Bracket, a clinical trial technology and specialty services provider, has randomized its first patient using Precision Block Design (PBD) technology integrated in its clinical IRT platform, including its mobile application. The first RTSM provider to develop and utilize the novel PBD method, Bracket is minimizing selection bias, reducing predictability of treatments and improving patient randomization by balancing known and unknown prognostic factors across comparative groups.
“The statistics group at Bracket is committed to generating the highest quality randomization lists and the development of Precision Block Design is a true testament to their dedication,” said Jeff Kinell, CEO at Bracket. “This technology ensures block patterns are uniform and we look forward to maintaining the integrity of controlled clinical studies through this innovative solution to patient randomization.”

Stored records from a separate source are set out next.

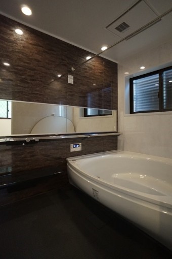 広々とした浴槽、高級感あふれるデザインでお風呂に入るのが楽しくなるような浴室になりました。一般的な浴室とは違うデザインになり、一味違う浴室に仕上がりました。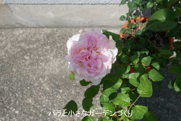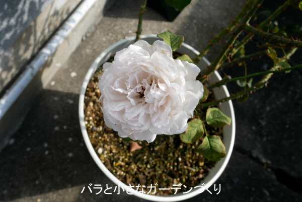 そんななか、夏花を咲かせてみました。花びらの縁が少しピンク色の白い花が咲きました。セミダブル咲きで、香りは爽やかなダマスク系の強香です。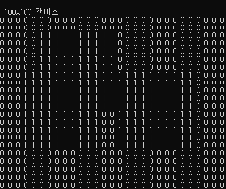 100x100의 캔버스를 2차원 배열로 만들었고, 색종이가 올라간 부분을 특정한 뒤 개수를 구하는 방법을 사용했죠.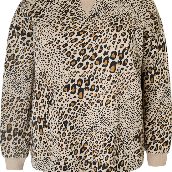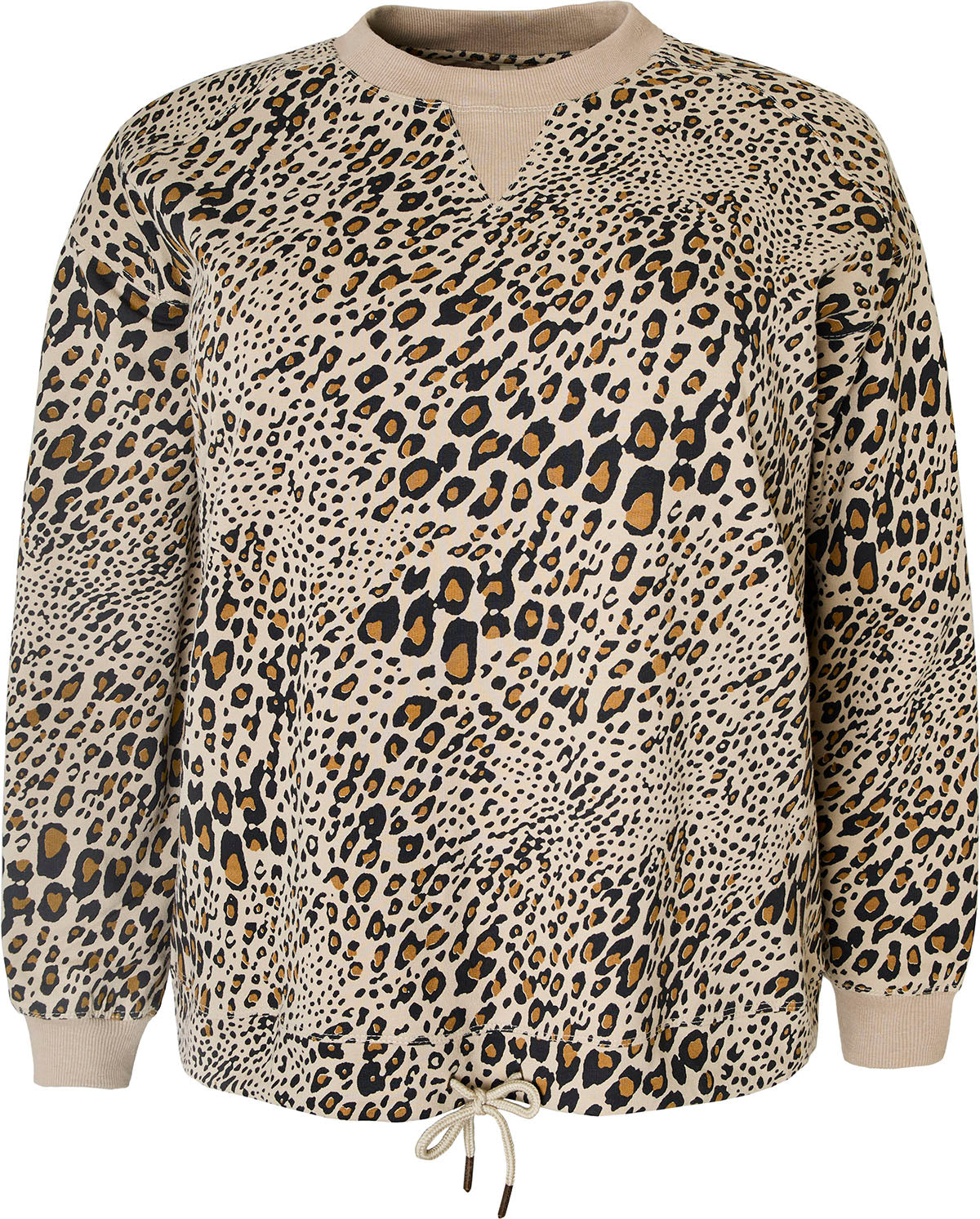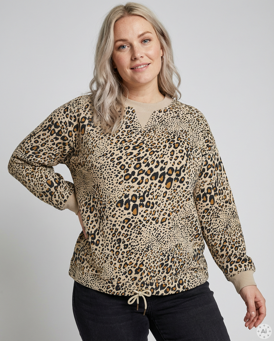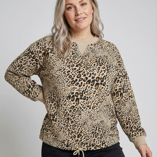 Denne flotte modellen fra Cassiopeia er perfekt for deg som liker mønstre og god komfort. Genseren er laget i en myk bomullskvalitet og prydes av et flott dyreprint i sandfargede og sorte nyanser som gir et livlig uttrykk.

Randomization is a core component in the design and implementation of RTSM in clinical trials and Bracket developed PBD for sponsors who want or need to utilize block pattern distribution in their randomization lists when using Bracket RTSM. Randomization designs including those with a high number of strata or low number of slots lend themselves best to the utilization of this method.
To ensure equal representation across all permutations, PBD guarantees a uniform distribution of block patterns within each stratum. As a result, PBD does not require acceptance tests nor does it add additional time or costs to the creation of the randomization list. These benefits make PBD a win-win solution as it reduces selection bias and predictability while maintaining time and cost efficiencies.
“At Bracket, we’ve created new programming standards, crafted training, updated standard system requirements, and modified our SOPs. Maintaining the maximum level of integrity in our randomization technology is our highest priority,” said Dr. Scott Hamilton, principal biostatistician at Bracket.
To date, PBD has been successfully utilized by Bracket in four separate clinical trials.